Focusing at this stage exclusively on red wine vineyards in the Durbanville, Philadelphia, Paarl and Stellenbosch areas, Heyns and his team visit the vineyards weekly, testing the same vines each time to assess vine health and water needs.

In each instance, leaves are cut and bagged in plastic bags to limit evapotranspiration and are first covered with an aluminium sheet which stops the impact of the light in opening the stomatae.  The petiole of the vine leaf (the stalk attaching the leaf to its stem) is cut and the leaf quickly placed into the chamber with the cut end of the petiole protruding from the chamber. As the pressure in the chamber equals the pressure or tension in the leaf, the sap is forced out of the cut petiole surface.
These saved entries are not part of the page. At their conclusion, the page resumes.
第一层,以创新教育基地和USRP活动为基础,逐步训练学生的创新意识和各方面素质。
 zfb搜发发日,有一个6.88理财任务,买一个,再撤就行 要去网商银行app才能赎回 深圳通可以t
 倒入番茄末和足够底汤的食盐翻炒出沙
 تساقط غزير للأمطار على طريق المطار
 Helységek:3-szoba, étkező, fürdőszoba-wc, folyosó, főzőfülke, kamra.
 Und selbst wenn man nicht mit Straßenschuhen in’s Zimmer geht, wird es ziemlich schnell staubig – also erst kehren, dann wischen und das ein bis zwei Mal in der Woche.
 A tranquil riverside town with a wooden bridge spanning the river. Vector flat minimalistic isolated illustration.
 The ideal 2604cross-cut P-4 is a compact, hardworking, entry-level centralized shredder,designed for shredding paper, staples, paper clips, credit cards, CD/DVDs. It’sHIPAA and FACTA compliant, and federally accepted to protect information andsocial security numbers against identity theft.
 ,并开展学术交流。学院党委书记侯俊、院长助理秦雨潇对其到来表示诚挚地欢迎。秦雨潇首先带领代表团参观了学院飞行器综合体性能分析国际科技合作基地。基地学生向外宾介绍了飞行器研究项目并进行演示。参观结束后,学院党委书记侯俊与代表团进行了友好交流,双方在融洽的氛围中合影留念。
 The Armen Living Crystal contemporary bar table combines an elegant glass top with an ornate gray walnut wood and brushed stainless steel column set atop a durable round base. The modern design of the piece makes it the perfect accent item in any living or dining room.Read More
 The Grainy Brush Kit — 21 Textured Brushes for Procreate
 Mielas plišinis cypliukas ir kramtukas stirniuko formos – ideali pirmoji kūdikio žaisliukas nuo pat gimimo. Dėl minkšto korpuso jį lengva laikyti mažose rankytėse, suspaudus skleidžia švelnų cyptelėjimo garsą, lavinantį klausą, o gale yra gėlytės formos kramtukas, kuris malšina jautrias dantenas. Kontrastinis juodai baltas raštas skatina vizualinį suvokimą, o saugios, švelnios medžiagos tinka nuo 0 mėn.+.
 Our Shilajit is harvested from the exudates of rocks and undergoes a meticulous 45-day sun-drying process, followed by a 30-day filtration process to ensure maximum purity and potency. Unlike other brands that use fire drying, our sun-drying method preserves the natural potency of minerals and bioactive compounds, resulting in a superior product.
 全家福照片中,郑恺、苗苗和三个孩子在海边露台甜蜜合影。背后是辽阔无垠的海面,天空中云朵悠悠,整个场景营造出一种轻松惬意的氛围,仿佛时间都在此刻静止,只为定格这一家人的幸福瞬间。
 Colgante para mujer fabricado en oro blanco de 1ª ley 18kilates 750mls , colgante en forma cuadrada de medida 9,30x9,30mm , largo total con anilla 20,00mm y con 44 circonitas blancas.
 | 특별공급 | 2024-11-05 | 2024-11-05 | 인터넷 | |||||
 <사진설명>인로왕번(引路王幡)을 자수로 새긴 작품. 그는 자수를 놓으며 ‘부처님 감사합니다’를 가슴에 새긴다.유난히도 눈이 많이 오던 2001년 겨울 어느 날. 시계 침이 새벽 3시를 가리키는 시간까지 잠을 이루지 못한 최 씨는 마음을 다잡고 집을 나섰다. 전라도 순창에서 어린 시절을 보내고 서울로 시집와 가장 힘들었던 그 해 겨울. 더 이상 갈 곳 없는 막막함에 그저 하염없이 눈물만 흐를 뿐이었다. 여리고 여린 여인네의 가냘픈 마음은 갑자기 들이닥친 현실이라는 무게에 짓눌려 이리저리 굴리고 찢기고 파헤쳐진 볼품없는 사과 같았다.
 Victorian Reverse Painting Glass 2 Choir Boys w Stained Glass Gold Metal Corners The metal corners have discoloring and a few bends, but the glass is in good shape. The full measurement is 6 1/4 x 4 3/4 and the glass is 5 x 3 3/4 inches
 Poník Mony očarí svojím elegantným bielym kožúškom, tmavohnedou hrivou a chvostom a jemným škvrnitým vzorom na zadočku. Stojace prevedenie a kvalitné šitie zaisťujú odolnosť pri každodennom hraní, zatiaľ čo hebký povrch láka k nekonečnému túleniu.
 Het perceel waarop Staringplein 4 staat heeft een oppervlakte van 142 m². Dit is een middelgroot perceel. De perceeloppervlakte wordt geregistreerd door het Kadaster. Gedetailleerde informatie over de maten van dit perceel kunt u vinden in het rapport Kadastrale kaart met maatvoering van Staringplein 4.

A pressure gauge indicates the level of stress experienced by the vine with the degree of stress indicated by the vine called stem water potential (SWP).  The pressure reading enables the user to determine the irrigation required.

According to Heyns, allowing for the rooting depth of the vines, soil texture, soil moisture content, vine canopy size as well as the type of trellising and row spacing, vine water requirements are determined by the extent of evapotranspiration that occurs in the vine and how far the vine is in the ripening of its grapes. In addition, each wine grape varietal has its own particular water demands.

With the current conditions in the lead-up to the harvest proving slightly warmer than over the past few years, the pressure chambers place us in a far better position to manage the health of the vines and ensure optimal quality fruit to the cellars.”

He said Distell was working very closely on this project with the eminent French viticulturist Prof Alain Deloire, at present based at the University of Stellenbosch. Deloire has extensive international experience in strategies to promote plant health and optimal harvesting times.